Avaki first to converge compute and data grids in new software solution

Cambridge 23 October 2001 On the heels of closing $16 million in funding from Polaris Venture Partners, General Catalyst, and Sofinnova, Avaki Corporation today announced charter availability of AVAKI 2.0, the first commercial grid software solution providing highly secure, virtualised access to data and compute resources in wide-area, multi-platform environments.

AVAKI 2.0 unifies and makes transparently available all networked resources - data, processing, and applications - in a single virtual environment, an AVAKI grid. This goes far beyond traditional "grid" computing, which has mainly focused on aggregating only processing power from networked computers.

"AVAKI 2.0 is based upon proven technology deployed in some of the country's most sophisticated commercial, government, and research computing environments", said David Fish, CEO of AVAKI. "We have begun to work with industry-leading companies such as Compaq and Sun to help advance grid computing in the enterprise world. Our expertise has brought us to the forefront of this market place, leading us to truly understand the opportunity such technology presents businesses today."

"Compaq views grid technology as an important, emerging area of computing", said Bill Blake, Vice President of High Performance Technical Computing at Compaq Computer Corporation, "and we believe that AVAKI's object-oriented paradigm for managing and distributing applications and data is unique in the emerging grid computing landscape."

AVAKI 2.0's unique data grid capability enables secure access to data across wide-area and multi-platform computing environments. Data can be securely accessed, without being physically moved, from remote locations by applications and users. Companies in the Life Sciences industry, for example, are facing an explosion of data in the post-genomics world, and are simultaneously experiencing the need to collaborate extensively with one another. These facts, combined with a projected 100x increase in data volume, demand a new approach to data sharing and access, such as AVAKI data grids.

"Grid solutions are quickly becoming a mainstream phenomena", explained Wolfgang Gentzsch, director, grid computing, Sun Microsystems. "AVAKI is clearly offering technology that encompasses all the required capabilities to enable and manage cross-organisational access to shared resources, including scalability, administrative control, built-in security and automated failure recovery."

AVAKI 2.0 features integrated, robust, fine-grained security that spans grids covering multiple administrative domains, sites and even company boundaries, providing authentication, access control and encryption. AVAKI 2.0 was built from the beginning with integrated failure detection and recovery services, ensuring system availability and resiliency in the face of inevitable system failures, which are the norm, not the exception, in complex systems.

Gartner predicts, by 2005, Web Services will drive a 30 percent increase in the efficiency of IT development projects. All of AVAKI 2.0's capabilities are built upon a unique Web Services-oriented grid protocol. Extensible naming, secure mutual authentication, location transparency, and support for migration transparency constitute the core services of this protocol, and form the basis for AVAKI grids.

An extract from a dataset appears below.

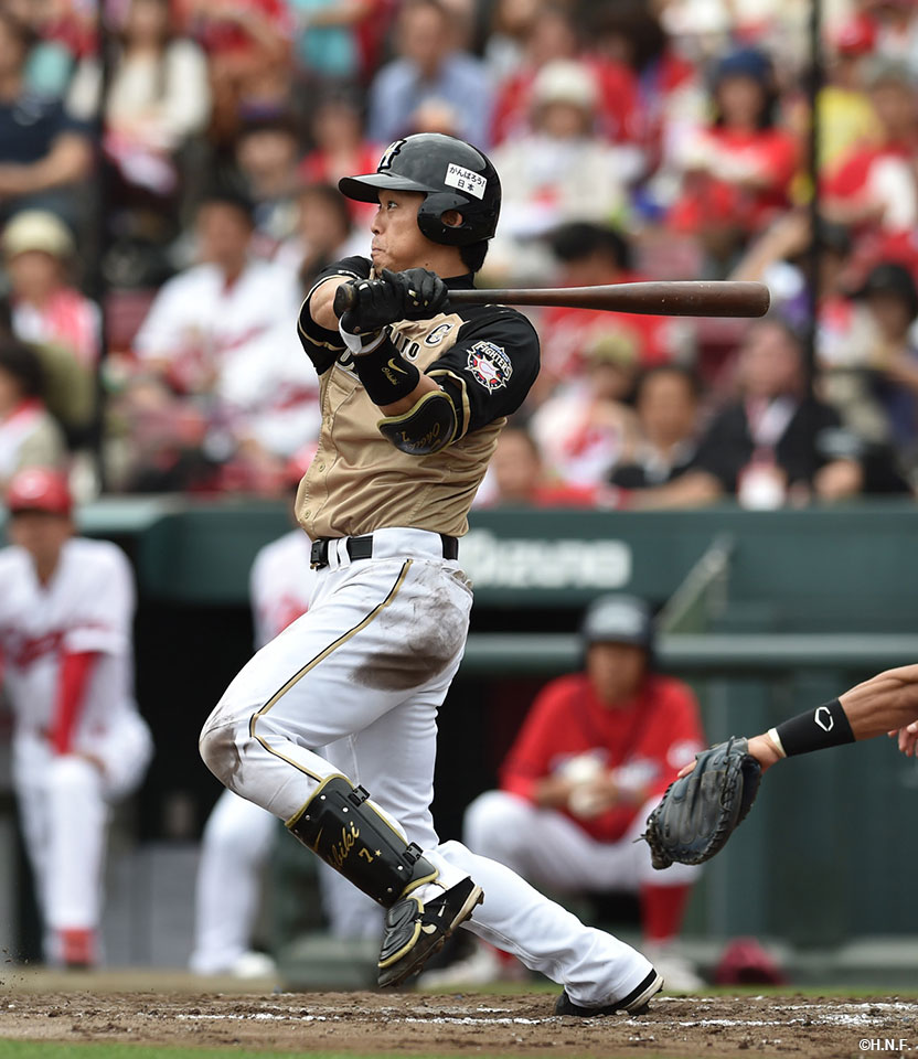 5番 ミランダ 中安 1アウト2塁からセンターへのタイムリーヒットで日本ハム同点! 広3-3日 1塁 ![]() 3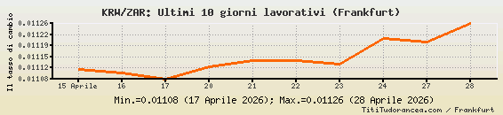 KRW/ZAR, tassi di cambio storici

"A grid is a heterogeneous network that appears and functions like one large operating environment, and Web Services are about application-to-application connectivity across heterogeneous environments", Mr. Fish stated. "We believe that grids are, therefore, the natural platform for Web Services. While giving enterprises the power to simplify large heterogeneous networks, AVAKI 2.0 also ultimately positions businesses for future deployment of Web Services."